Each line of the data must be given back verbatim, with pictures removed.

-------- Records for the task

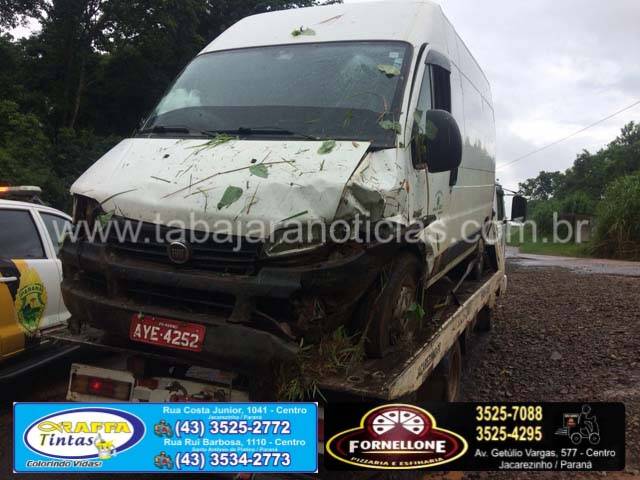 Na van placas de Maringá, carregada de livros e revistas seguia somente o motorista Alexandre Kiochi Matsuta, que reside em Londrina, sofreu uma luxação no ombro direito e escoriações pelo corpo, sendo socorrido pelos Soldados Thiago e Marchioni dos Bombeiros e encaminhado ao pronto socorro, a equipe da Policia Militar composta pelos soldados Cason e Procópio foram os primeiros a chegar e permaneceram orientando o transito até a chegada do Soldado Matiussi da Policia Rodoviária Estadual.
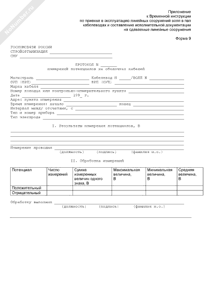 Протокол измерений потенциалов на оболочках кабелей (форма № 9)
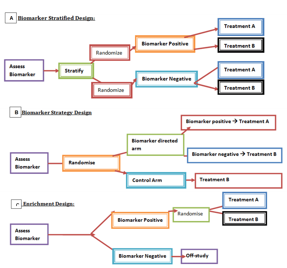 Figure 2: The main types of RCT designs. (A) Biomarker-stratified medicine: stratify followed by randomization where patients are differentiated into biomarker positive or biomarker negative, and depending on which group a particular treatment is give. Biomarker -strategy design: (b) to assess biomarker randomisation takes place, those on the biomarker-directed arm are divide into biomarker positive and negative where they differ in treatment, however the control arm has only one plan (c) Enrichment design: Those that are biomarker positive undergo randomisation where a treatment will be given, whereas those that are biomarker negative are off-study.
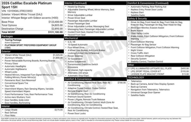 - Exterior Color : Vibrant White Tricoat Interior Color : WHISPER BEIGE WITH GIDEON ACCENTS, FULL SEMI-ANILI
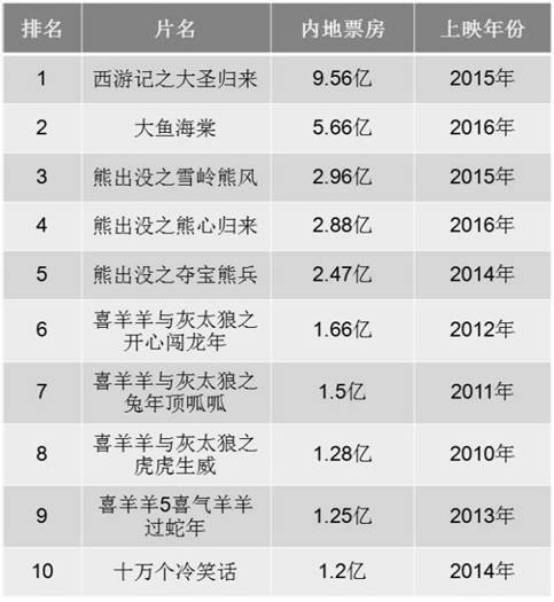 2016年票房排名前十的动画电影里,《功夫熊猫》、《熊出没》、《大头儿子和小偷爸爸》等片本身已经具有一定的IP影响力,又有东方梦工厂、光线、乐视、央视等巨头参与,均取得了不错的票房成绩。
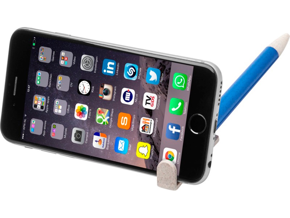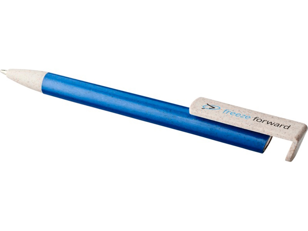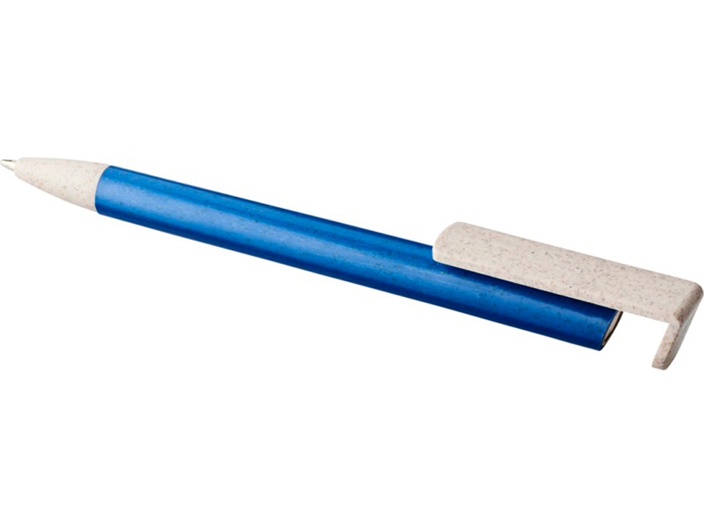 Шариковая ручка и держатель для телефона Medan из пшеничной соломы. Шариковая ручка из пшеничной соломы с кнопочным механизмом. Солома — это стебли зерновых, использование которых позволяет сократить количество пластика в изделии. Верхняя часть ручки выполняет функцию держателя для смартфона, обеспечивая удобный просмотр в режиме громкой связи. Пшеничная солома, АБС пластик. Тампопечать (1 цвет (цветные изделия)) на данный товар осуществляется бесплатно. Оплачивается только настройка оборудования в размере 4000 рублей на весь тираж.
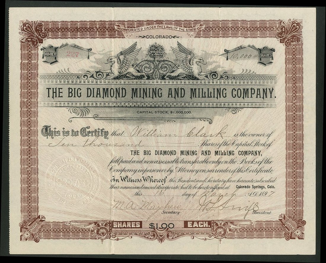 U.S.A.: Big Diamond Mining and Milling Company, Colorado, $1 shares, Colorado Springs 189[7], #227, brown and black. GVF.
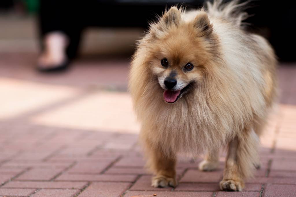 Un Volpino essaie d'attraper une saucisse posée sur la table
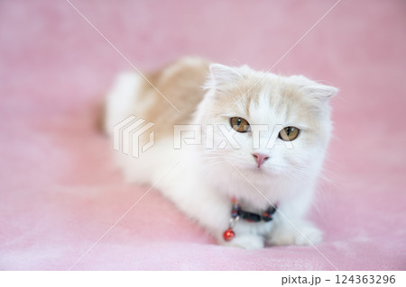 ピンクバックと赤い鈴をつけたスコティッシュフォールド
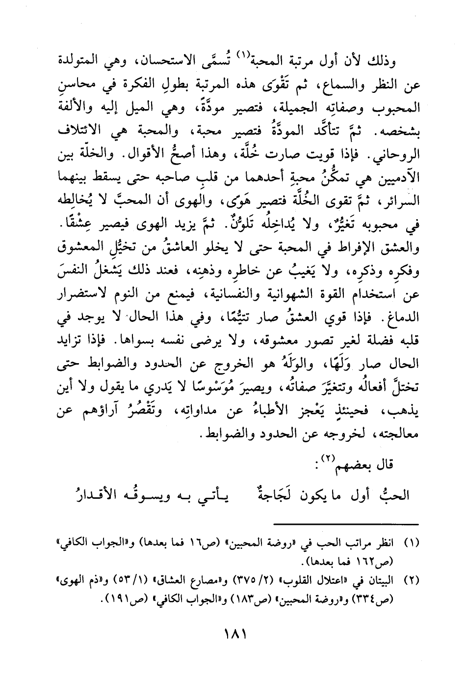 (1) انظر مراتب الحب في "روضة المحبين" (ص 16 فما بعدها) و"الجواب الكافي" (ص 162 فما بعدها).
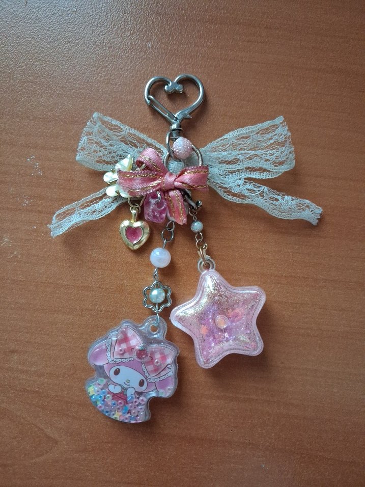 Pastel pembe renkte, boncuklu, dantel fiyonk ve yıldız ile karakter figürü süslemeli bohem anahtarlık. iade kabulu yoktur. ciddi alıcılar iletişime geçsin

----------------

» Task result:
 Na van placas de Maringá, carregada de livros e revistas seguia somente o motorista Alexandre Kiochi Matsuta, que reside em Londrina, sofreu uma luxação no ombro direito e escoriações pelo corpo, sendo socorrido pelos Soldados Thiago e Marchioni dos Bombeiros e encaminhado ao pronto socorro, a equipe da Policia Militar composta pelos soldados Cason e Procópio foram os primeiros a chegar e permaneceram orientando o transito até a chegada do Soldado Matiussi da Policia Rodoviária Estadual.
 Протокол измерений потенциалов на оболочках кабелей (форма № 9)
 Figure 2: The main types of RCT designs. (A) Biomarker-stratified medicine: stratify followed by randomization where patients are differentiated into biomarker positive or biomarker negative, and depending on which group a particular treatment is give. Biomarker -strategy design: (b) to assess biomarker randomisation takes place, those on the biomarker-directed arm are divide into biomarker positive and negative where they differ in treatment, however the control arm has only one plan (c) Enrichment design: Those that are biomarker positive undergo randomisation where a treatment will be given, whereas those that are biomarker negative are off-study.
 - Exterior Color : Vibrant White Tricoat Interior Color : WHISPER BEIGE WITH GIDEON ACCENTS, FULL SEMI-ANILI
 2016年票房排名前十的动画电影里,《功夫熊猫》、《熊出没》、《大头儿子和小偷爸爸》等片本身已经具有一定的IP影响力,又有东方梦工厂、光线、乐视、央视等巨头参与,均取得了不错的票房成绩。
 Шариковая ручка и держатель для телефона Medan из пшеничной соломы. Шариковая ручка из пшеничной соломы с кнопочным механизмом. Солома — это стебли зерновых, использование которых позволяет сократить количество пластика в изделии. Верхняя часть ручки выполняет функцию держателя для смартфона, обеспечивая удобный просмотр в режиме громкой связи. Пшеничная солома, АБС пластик. Тампопечать (1 цвет (цветные изделия)) на данный товар осуществляется бесплатно. Оплачивается только настройка оборудования в размере 4000 рублей на весь тираж.
 U.S.A.: Big Diamond Mining and Milling Company, Colorado, $1 shares, Colorado Springs 189[7], #227, brown and black. GVF.
 Un Volpino essaie d'attraper une saucisse posée sur la table
 ピンクバックと赤い鈴をつけたスコティッシュフォールド
 (1) انظر مراتب الحب في "روضة المحبين" (ص 16 فما بعدها) و"الجواب الكافي" (ص 162 فما بعدها).
 Pastel pembe renkte, boncuklu, dantel fiyonk ve yıldız ile karakter figürü süslemeli bohem anahtarlık. iade kabulu yoktur. ciddi alıcılar iletişime geçsin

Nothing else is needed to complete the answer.